Ante esa orden disimulada, la joven toma su bolso y duda un instante si despedirse o no. Pablo comprende que no se anima a oponerse a la voluntad paterna y le sonríe con gesto comprensivo. Ella le agradece en silencio, se dirige hacia la puerta, pero a último momento se detiene, vuelve sobre sus pasos y finge sorpresa.
—Perdón, licenciado, casi me llevo su libro.
Él lo toma.
—Muchas gracias.
A los pocos segundos la puerta se cierra y los dos hombres quedan a solas. La voz dura y fría no se hace esperar.
—No voy a simular una amabilidad que no siento —arranca Raúl—. Su llegada me generó una gran molestia. Le diría que estoy casi furioso, y no entiendo por qué Laura y mi hija accedieron a sus pedidos. Usted es un extraño y, sin embargo, ayer estuvo en mi casa y hoy está acá. Comprenderá el motivo de mi disgusto. Como le dije, lo de Hernán es algo que todavía no pudimos superar.
Al parecer, esta será una charla directa. «Está bien, —piensa Pablo y toma el guante—. Que así sea».
—¿Y qué es lo de Hernán?
—¿Me está tomando el pelo?
—No. Según veo, a usted no le gusta andar con vueltas, así que yo también voy a ser franco. Sé por Laura que la relación que tenía con su hijo no era la mejor, hasta el punto tal que pasaron mucho tiempo sin hablar. Por eso sospecho que es probable que, cuando dice que todavía no pudo superar lo de Hernán, no se refiera solo a su muerte. Quizás, incluso, se sienta en algo responsable de la decisión que él tomó.
La reacción no se hace esperar.
—¿Me está hablando en serio? ¿De verdad se siente con la autoridad de cuestionar el vínculo que tenía con mi hijo?

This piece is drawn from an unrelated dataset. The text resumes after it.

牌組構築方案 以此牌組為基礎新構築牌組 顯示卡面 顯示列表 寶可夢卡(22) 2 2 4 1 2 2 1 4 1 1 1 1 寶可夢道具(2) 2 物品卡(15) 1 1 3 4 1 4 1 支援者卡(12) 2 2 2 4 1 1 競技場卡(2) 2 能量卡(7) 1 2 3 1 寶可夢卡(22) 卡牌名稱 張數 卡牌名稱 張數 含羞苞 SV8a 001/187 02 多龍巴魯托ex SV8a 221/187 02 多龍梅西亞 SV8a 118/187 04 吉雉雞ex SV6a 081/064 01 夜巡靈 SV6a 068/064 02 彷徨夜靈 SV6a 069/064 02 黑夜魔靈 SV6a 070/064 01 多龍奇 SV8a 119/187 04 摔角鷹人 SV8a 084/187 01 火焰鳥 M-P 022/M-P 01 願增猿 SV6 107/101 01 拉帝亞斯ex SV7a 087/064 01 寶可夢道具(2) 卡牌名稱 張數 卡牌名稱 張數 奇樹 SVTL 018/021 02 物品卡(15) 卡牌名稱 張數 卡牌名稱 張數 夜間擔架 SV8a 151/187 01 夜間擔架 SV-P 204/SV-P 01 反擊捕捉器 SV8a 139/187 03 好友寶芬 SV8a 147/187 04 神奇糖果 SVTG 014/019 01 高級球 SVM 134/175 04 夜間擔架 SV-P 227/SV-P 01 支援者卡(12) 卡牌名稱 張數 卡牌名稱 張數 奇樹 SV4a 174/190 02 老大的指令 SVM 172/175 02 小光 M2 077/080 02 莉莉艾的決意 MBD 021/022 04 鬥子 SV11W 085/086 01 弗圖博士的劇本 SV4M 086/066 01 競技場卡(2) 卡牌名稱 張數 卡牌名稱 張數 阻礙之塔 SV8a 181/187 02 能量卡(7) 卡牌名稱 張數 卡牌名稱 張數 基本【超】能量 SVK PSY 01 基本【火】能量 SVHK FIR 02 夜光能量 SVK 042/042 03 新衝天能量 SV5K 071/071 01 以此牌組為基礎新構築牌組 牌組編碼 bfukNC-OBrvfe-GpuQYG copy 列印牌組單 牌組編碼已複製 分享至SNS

—De ningún modo lo estoy cuestionando, no me malinterprete. Pero tuve la oportunidad de hablar con su mujer y su hija, y ¿sabe qué percibí en ellas? Un profundo dolor. En cambio, en su caso, advierto además un gran enojo, y no sé si es con la situación, conmigo, con Hernán o con usted mismo. —Silencio—. ¿Puedo saber qué está pensando?

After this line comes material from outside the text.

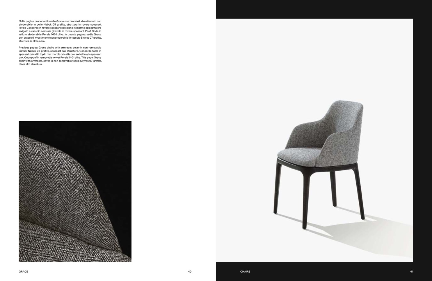 Nelle pagine precedenti: sedie Grace con braccioli, rivestimento non

Los ojos que lo miran son inexpugnables.
—Por supuesto. Estoy pensando si simplemente lo mando a la mierda o si, además, lo saco a patadas de mi casa.
—Esta no es su casa. Puede que sea su propiedad, pero de ninguna manera es su hogar. —Recuerda lo que dijo Rocío, que ese departamento era el refugio de Hernán, el lugar donde guardaba sus secretos, y duda mucho de que haya querido compartirlos con su padre. Por eso, a pesar de la tensión, continúa hablando—. Es más, ¿me equivoco si pienso que nunca vino a visitar a su hijo o hablar a solas con él?
Ahora sí, el tiro ha dado en el blanco. La mirada de Raúl pierde su dureza y asoman algunas lágrimas.
—¿Y usted qué sabe lo que yo siento?
—Tiene razón —responde mientras se acomoda en el sillón—. No lo sé. ¿Por qué no me lo cuenta?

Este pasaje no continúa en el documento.